Canada and India agree to relaunch trade talks, as democratic nations seek to strengthen ties to counter China, Russia
‘I think what is really important is the resilience of the post-pandemic supply chain and trade is a proxy for democratic values,’ Trade Minister Mary Ng said
Trade Minister Mary Ng landed in India on March 11 and is leaving her two-day trip with a win: the relaunch of trade negotiations with the world’s sixth-largest economy.
Canada and India are often described as natural trading partners, but a relationship that looks good on paper hasn’t translated into a progress at the negotiating table. Canada and India first began trade talks in 2010 under former prime minister Stephen Harper, but after 10 rounds of talks over seven years failed to produce a breakthrough, the effort lost momentum. The two sides haven’t held formal discussions since August 2017.

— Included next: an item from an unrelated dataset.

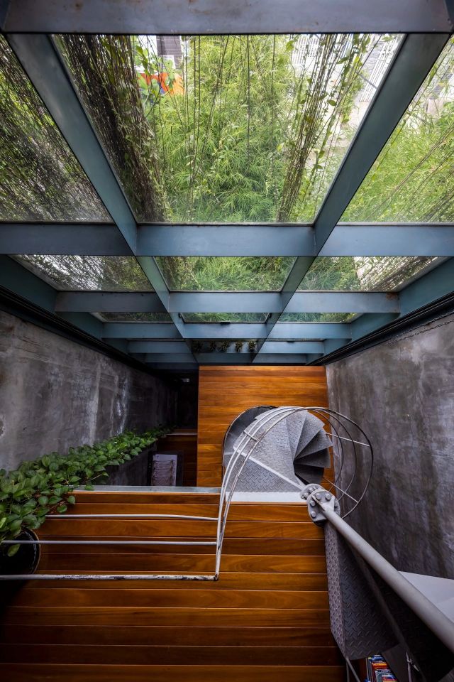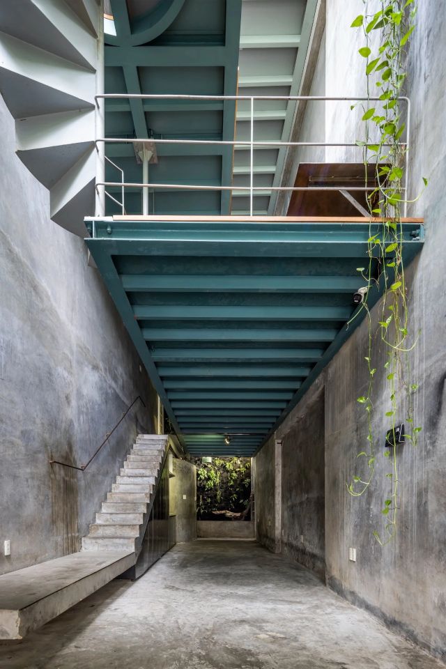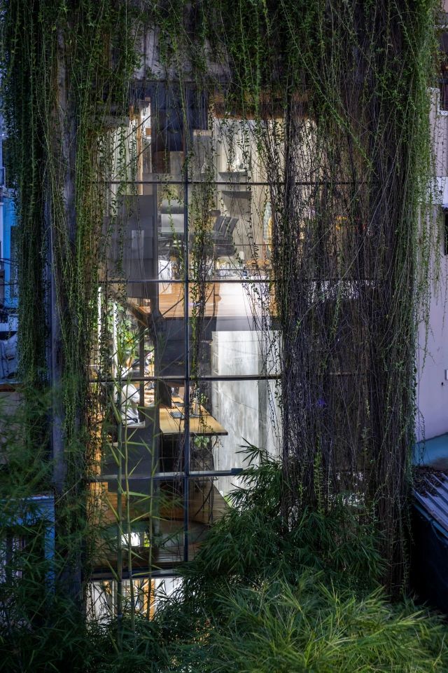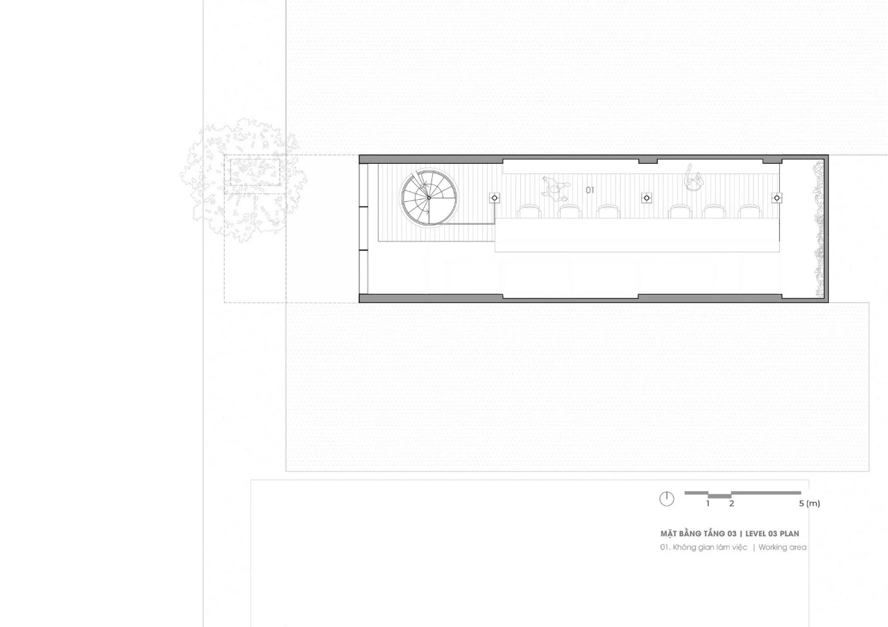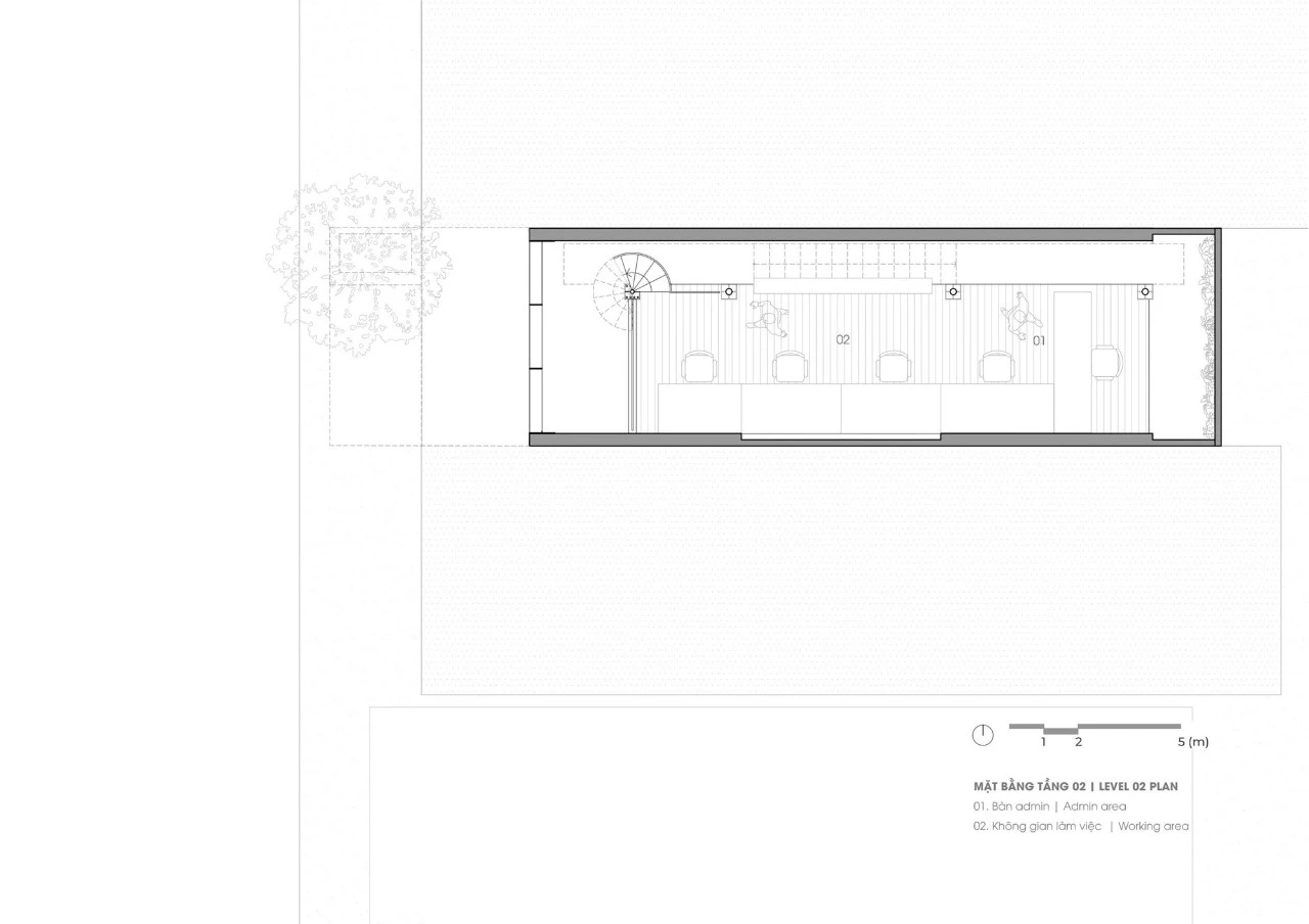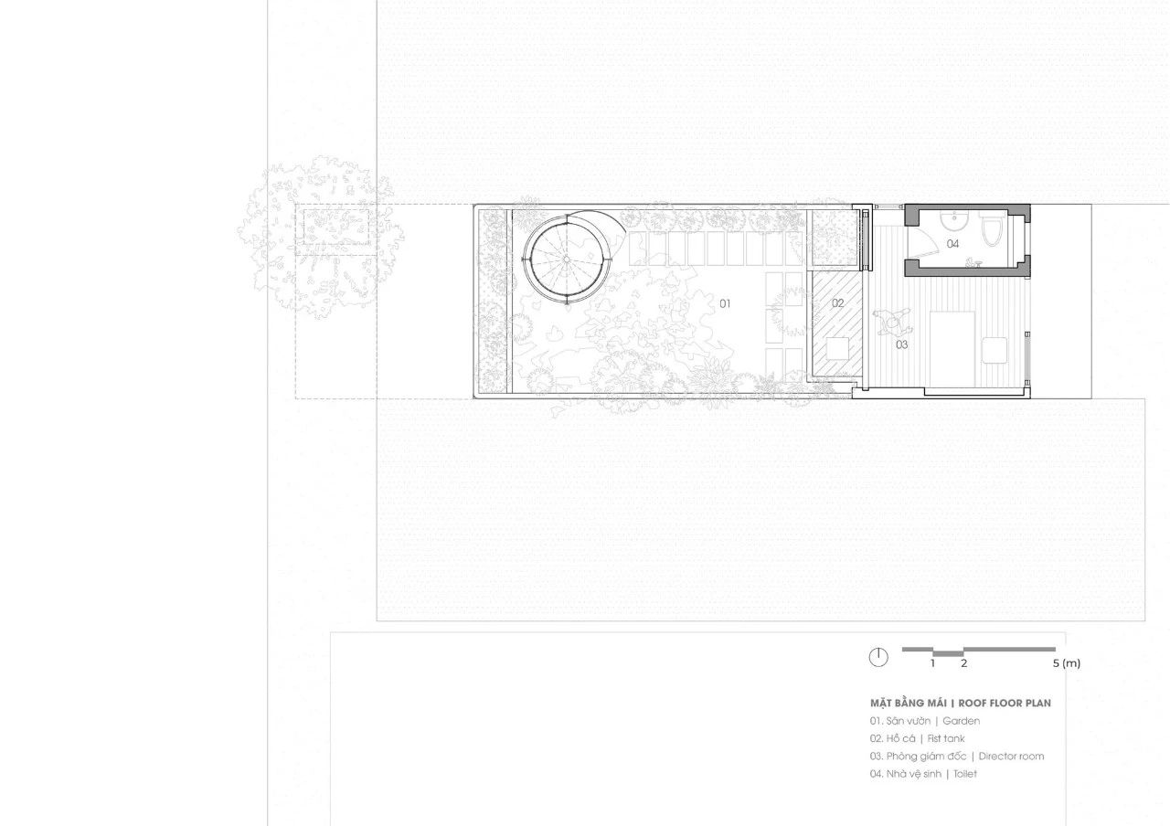 办公室立面的二层至四层都有相似的景观,可以俯瞰被各种植物覆盖的玻璃幕墙系统。建筑和窗户前的绿植代表了一种“常规隔断”,模糊了内外的界限,不仅为工作空间创造了私密性,还确保了自然光与舒适的绿色景观。建筑后方有一个从较高楼层一直延伸到底层的垂直悬浮花园作为保护,就像建筑呼吸的肺部。屋顶花园有一个多样化的生态系统,设有小鱼池和一些当地的树种,让来到这里的人们逃离城市喧嚣和闷热空气。工作空间几乎完全被绿植、自然光和新鲜空气所包围。

The world has changed since then. The reboot comes amid heightened concern among democratic powers such as the United States and Germany about China’s influence over the global supply of everything from the rare minerals needed to build electric-vehicle batteries to the consumers goods sold at Walmart Inc.’s stores. Russia’s invasion of Ukraine this month only added to the urgency for like-minded nations to strengthen ties.
India has a reputation as being a difficult negotiating partner, and while Prime Minster Narendra Modi has happily accepted international investment since coming to power in 2014, he has been less keen to lower barriers that might open domestic producers to import competition.
Still, India’s rivalry with China might be causing Modi to reconsider his approach to trade. Soldiers from the two countries have engaged in fatal skirmishes along a disputed border in the Himalayas in recent years, and China is backer of Pakistan, which India’s leaders view as an existential threat. In May 2021, Modi’s government agreed to kickstart trade negotiations with the European Union, reviving talks that had been stalled for eight years.